Dave Mason and Mina Leslie-Wujastyk have just been on a month long trip to South Africa.
Both Mina and Dave had been to the Rocklands before and had therefore climbed a lot of the problems that they could do quickly and so went out with different aims for this trip, some really hard problems. More specifically; King of Limbs, 8B+, Ray of Light, 8B, El Corazon, 8B and The Power of One, 8B for Dave and The Vice, 8B for Mina.

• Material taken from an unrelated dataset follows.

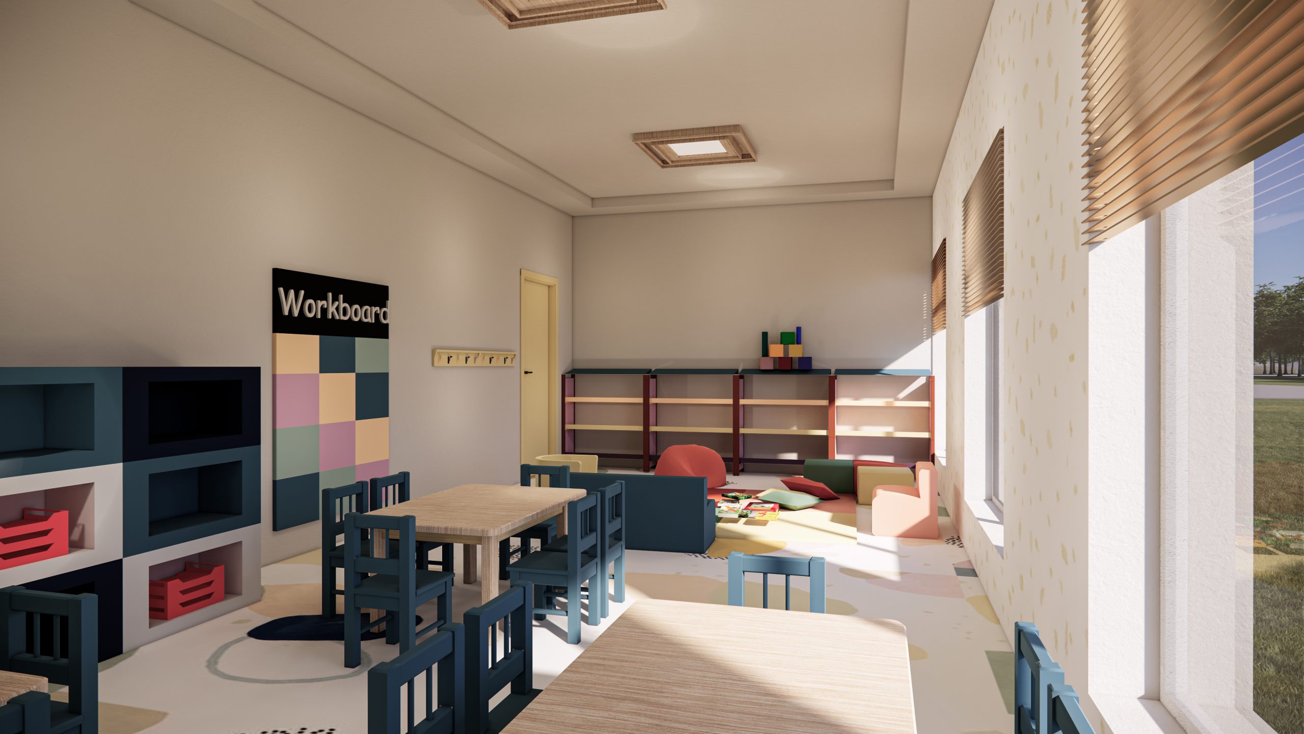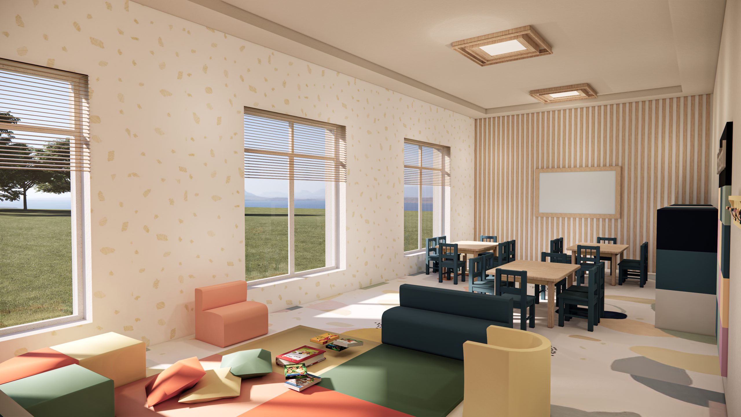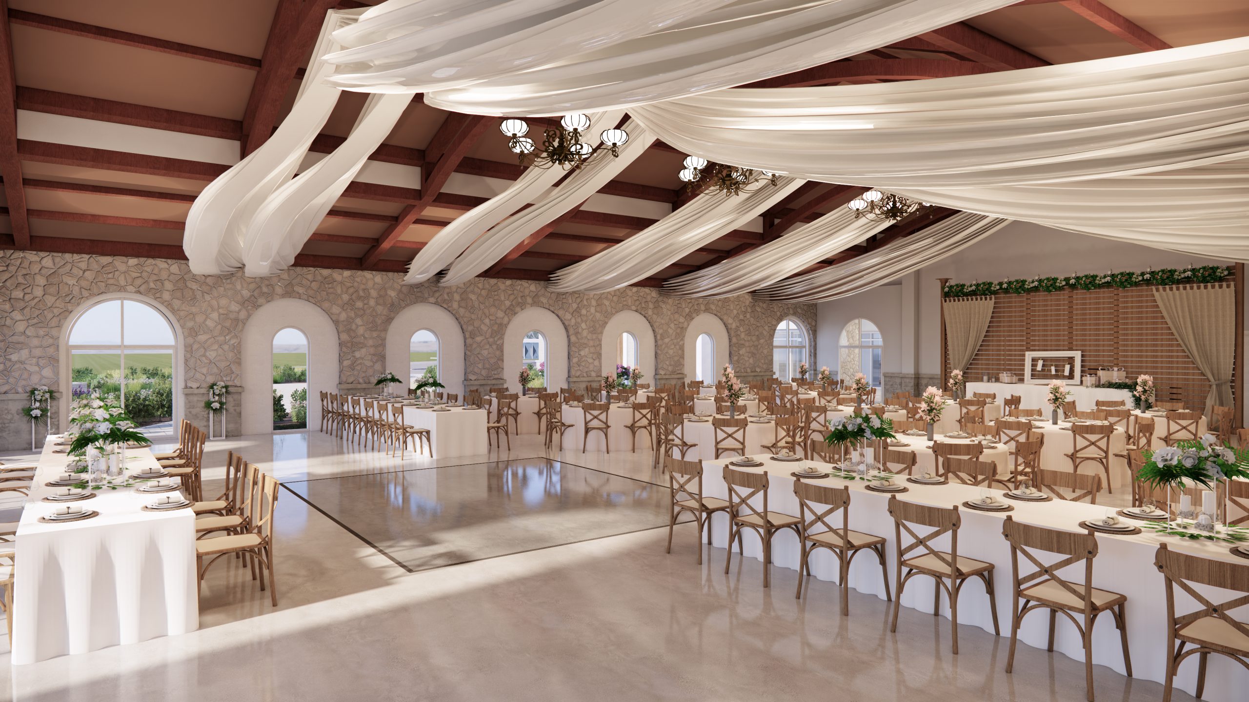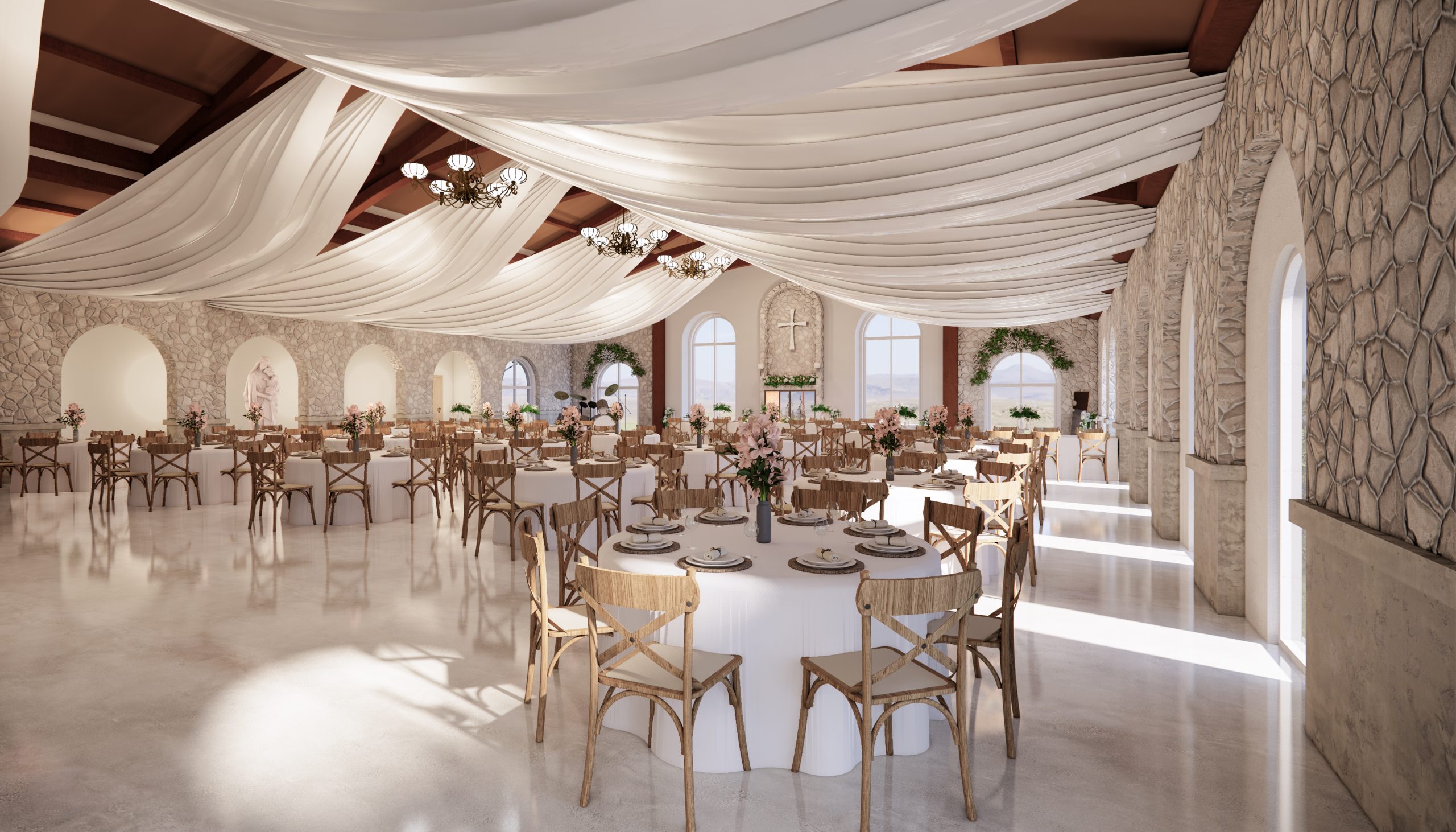 İç mekan kararlarına geldiğinde, öncelik, esnek kullanımları karşılayabilecek geniş bir salon düzeni tasarlamaktı. Bu alana zengin bir iç mekan tasarımı, yüksek tavanlar ve güçlendirilmiş kemerler ile oluşturuldu. Mevcut hizmet alanları (mutfak ve tuvalet) korundu. Hizmet alanları ile ilişkili depolama alanları, bu alanlara yakın konumlandırıldı ve mutfak için ek depolama alanı önerildi. Çok amaçlı salonda etkinlikler için bir hazırlık odası, bu salona bir gelin ve damat odası olarak hizmet etmek ve diğer etkinliklerde bir konuşmacının hazırlık odası olarak hizmet etmek üzere tasarlandı. Son olarak, Pazar okulu, hem çok amaçlı salondan bir kemerli salon ile ayrılarak, hem de çok amaçlı salona bağlanabilen ve dış girişe sahip olabilen bir şekilde konumlandırıldı.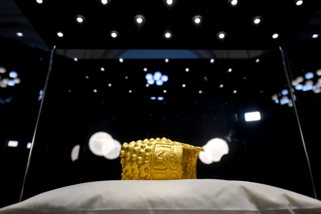 Coiful de aur de la Cotofenesti si bratarile dacice multispirala sunt expuse publicului la Muzeul National de Istorie a Romaniei (MNIR), imediat dupa finalizarea procedurilor de receptie in urma repatrierii din Olanda, marti, 21 aprilie 2026. ALEXANDRU DOBRE / MEDIAFAX FOTO

Unfortunately, Mina was not successful on The Vice but did manage to climb; Shallow Cave, 8A, Leopard Cave, 8A+, The Arc, 8A, Au Bord de L'eau, 8A and Pandemonium, 8A. Mina commented on her blog about how she felt about not climbing The Vice:
"I felt disappointment initially and some shame at being wrong about what I thought I could do. BUT…after some time I felt content and psyched. I felt content knowing that I had tried my hardest and psyched that I was nearly good enough. That might sound strange but in climbing there is such a fine line between success and failure, it only takes a little bit of something to turn the tables, and that is my plan. The table is going to get spun around and it’s going to land on its head not knowing whether or not it is still a table."
Dave was more successful, managing to climb two of his four aims with El Corazon, 8B, and The Power of One, 8B. Dave commented on what he learnt through multiple sessions on problems at his limit on his blog:
"What I climbed is not the important part, the important part is the progress I made when I had a number of sessions in close succession. This is where I hear you all say: "of course you make progress with successive sessions that are in close proximity to one another" and when I say it to myself it makes complete sense but I don't think I had honestly thought about it before."